┌─ Recorded information
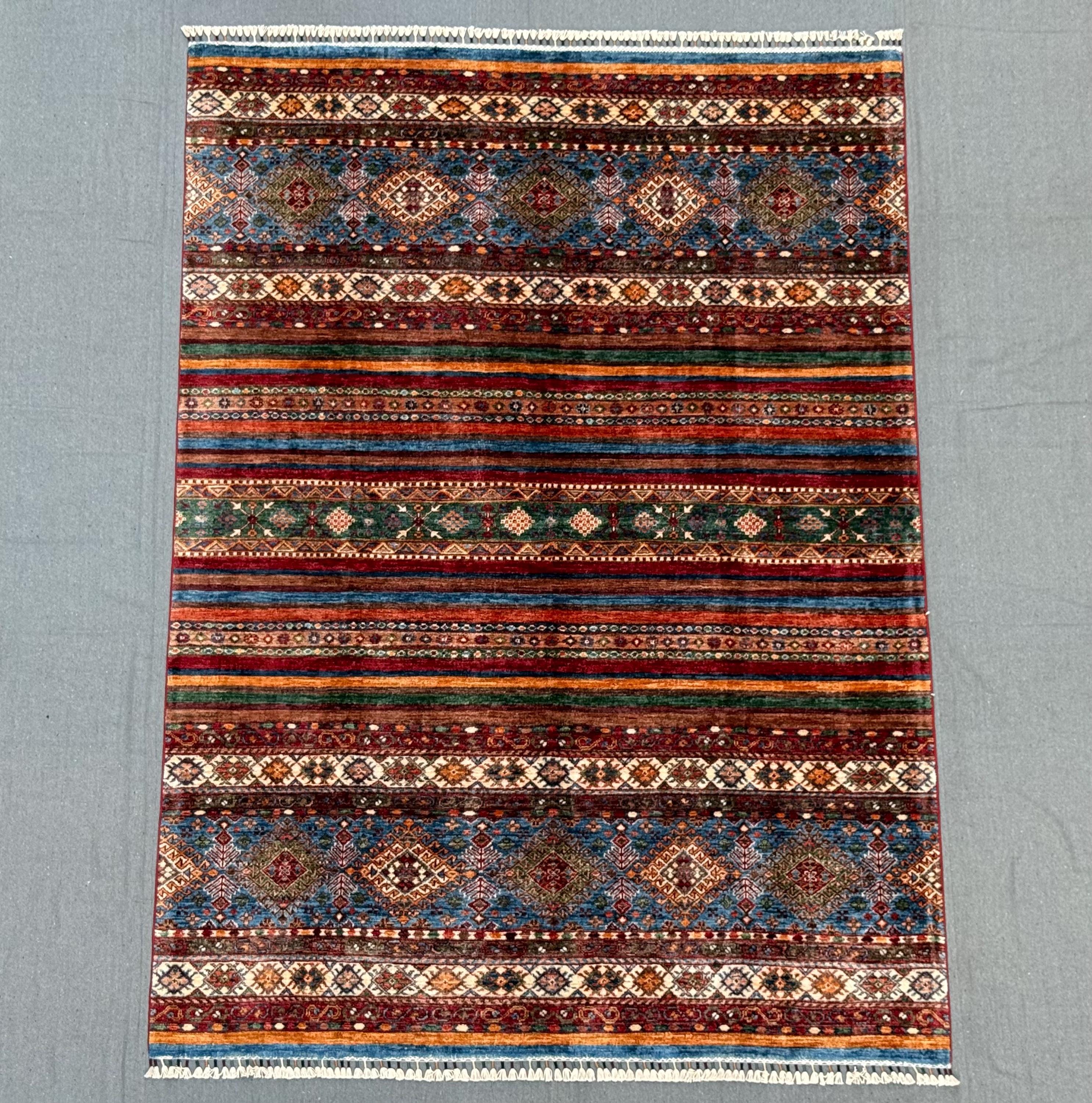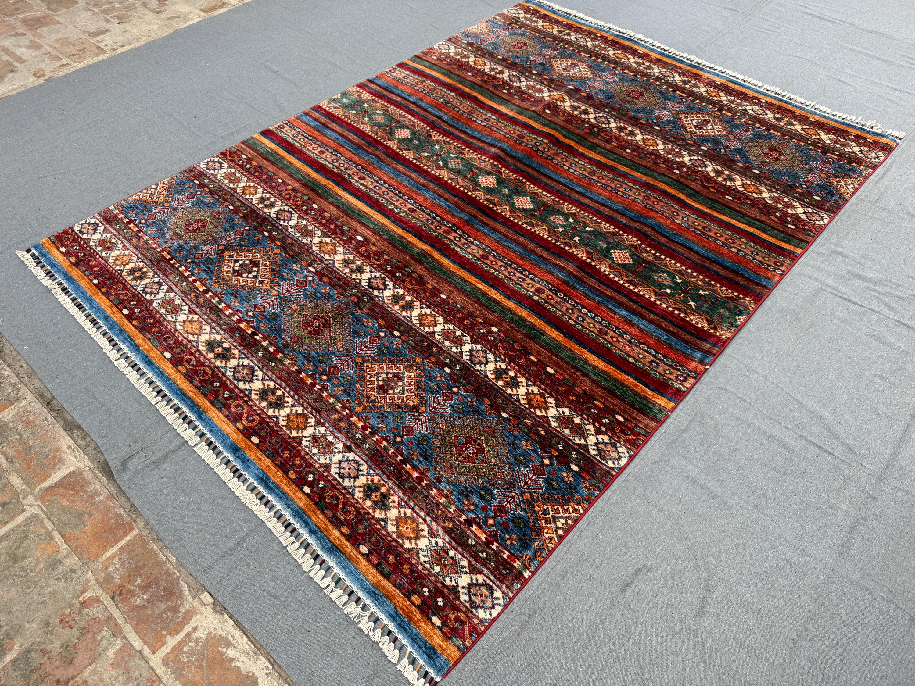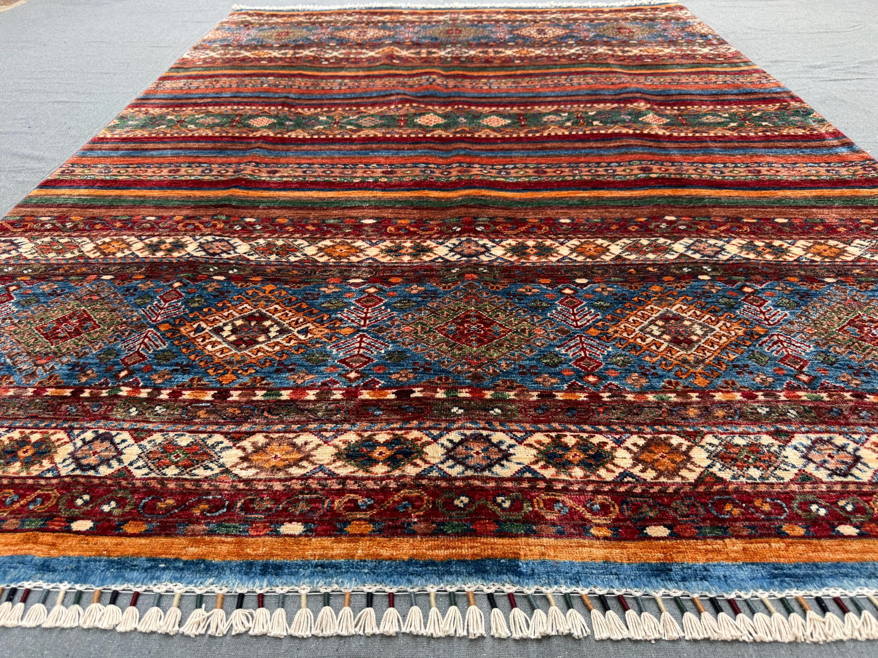Handmade Khorjin Modern Rug 6x8 | Colorful Wool Tribal Area Rug | Striped Boho Carpet | Hand Knotted Modern Living Room Wool Rug
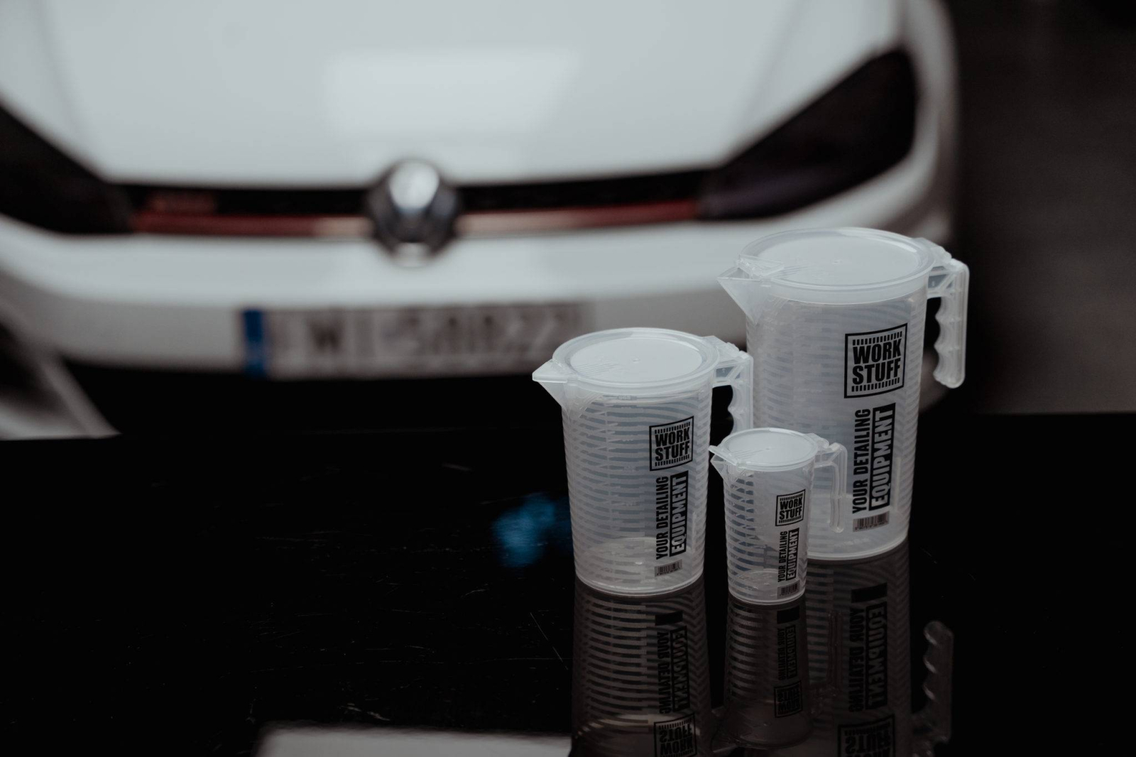 Work-Stuff Measuring Cup este un pahar gradat de măsurare profesional, conceput special pentru detailing auto și pentru dozarea corectă a soluțiilor concentrate precum APC, șampoane, degresanți, protectori sau orice alt produs chimic de detailing.
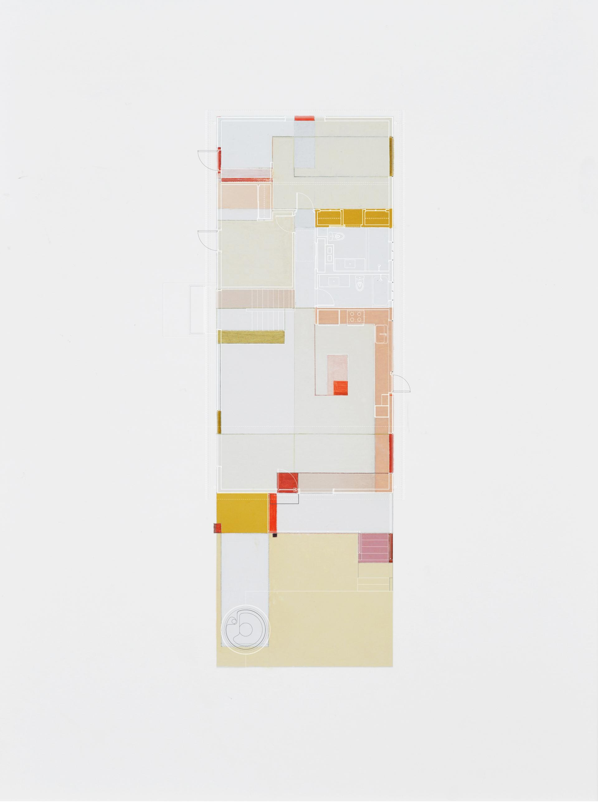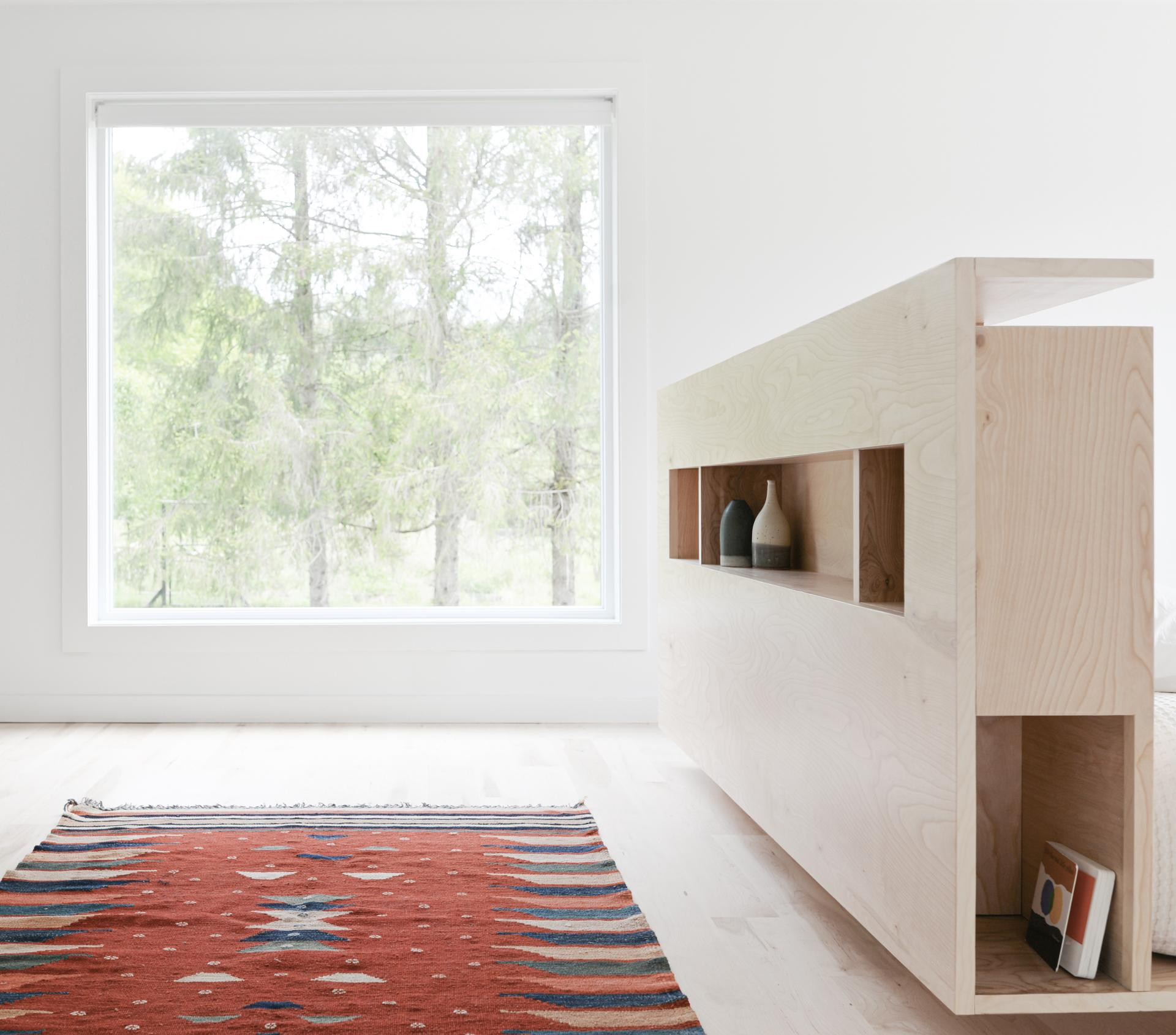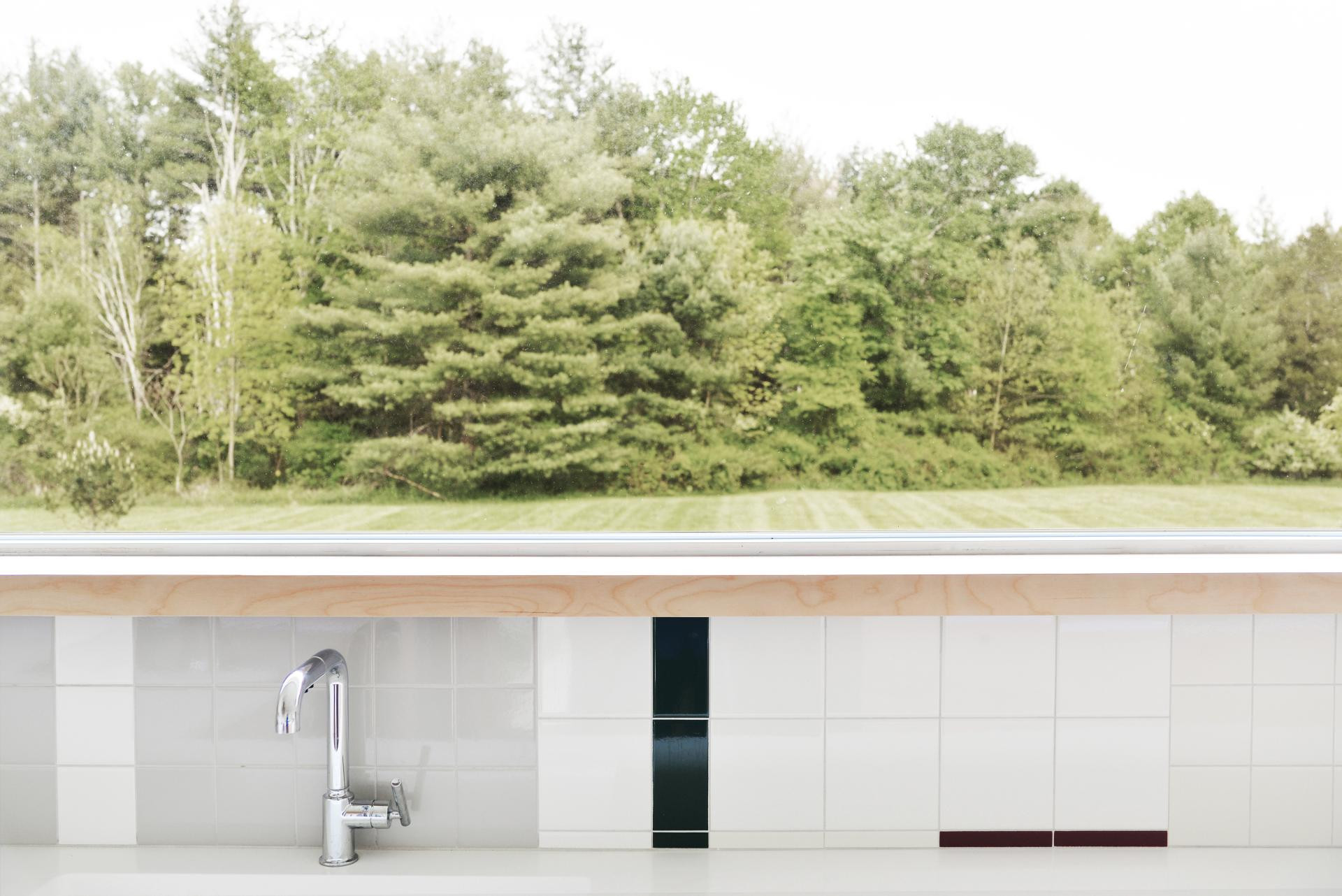 Unutarnji hodnik je skraćen stvaranjem glavne spavaće sobe s pogledom na vrt na istočnoj strani kuće. Posebno dizajnirani krevet strukturira prostor unutar glavne spavaće sobe, održavajući privatnost i urednost u dijelu za spavanje, te otvorenost i protočnost u radnom i garderobnom prostoru. Kuhinja, blagovaonica i dnevni boravak otvoreni su kako bi stvorili veliki fleksibilni društveni prostor koji je vizualno povezan s glavnim obilježjima imanja, poput velikog stabla na zapadu i šumskog ruba na jugu. Uzorak za posebnu keramičku oblogu iza kuhinjskog pulta nastao je kao interpretacija studija tlocrta provedenih tijekom procesa projektiranja.
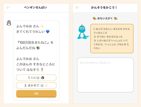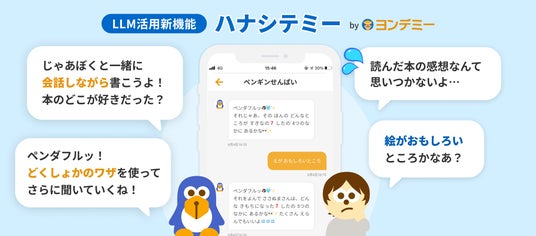 「ハナシテミー」は、ヨンデミーに新たに追加された機能で、AIによるキャラクターとの会話を通じて、本の感想文を作成できるサービスです。対話を重ねることで、子どもたちが自然に読み方の技法を身につけられるようサポートし、表現力や読解力の向上を目指します。
└─
§ **About this exercise**: Word for word, return the material above, but drop the pictures.

§ **Solution to this task**:
Handmade Khorjin Modern Rug 6x8 | Colorful Wool Tribal Area Rug | Striped Boho Carpet | Hand Knotted Modern Living Room Wool Rug
 Work-Stuff Measuring Cup este un pahar gradat de măsurare profesional, conceput special pentru detailing auto și pentru dozarea corectă a soluțiilor concentrate precum APC, șampoane, degresanți, protectori sau orice alt produs chimic de detailing.
 Unutarnji hodnik je skraćen stvaranjem glavne spavaće sobe s pogledom na vrt na istočnoj strani kuće. Posebno dizajnirani krevet strukturira prostor unutar glavne spavaće sobe, održavajući privatnost i urednost u dijelu za spavanje, te otvorenost i protočnost u radnom i garderobnom prostoru. Kuhinja, blagovaonica i dnevni boravak otvoreni su kako bi stvorili veliki fleksibilni društveni prostor koji je vizualno povezan s glavnim obilježjima imanja, poput velikog stabla na zapadu i šumskog ruba na jugu. Uzorak za posebnu keramičku oblogu iza kuhinjskog pulta nastao je kao interpretacija studija tlocrta provedenih tijekom procesa projektiranja.
 「ハナシテミー」は、ヨンデミーに新たに追加された機能で、AIによるキャラクターとの会話を通じて、本の感想文を作成できるサービスです。対話を重ねることで、子どもたちが自然に読み方の技法を身につけられるようサポートし、表現力や読解力の向上を目指します。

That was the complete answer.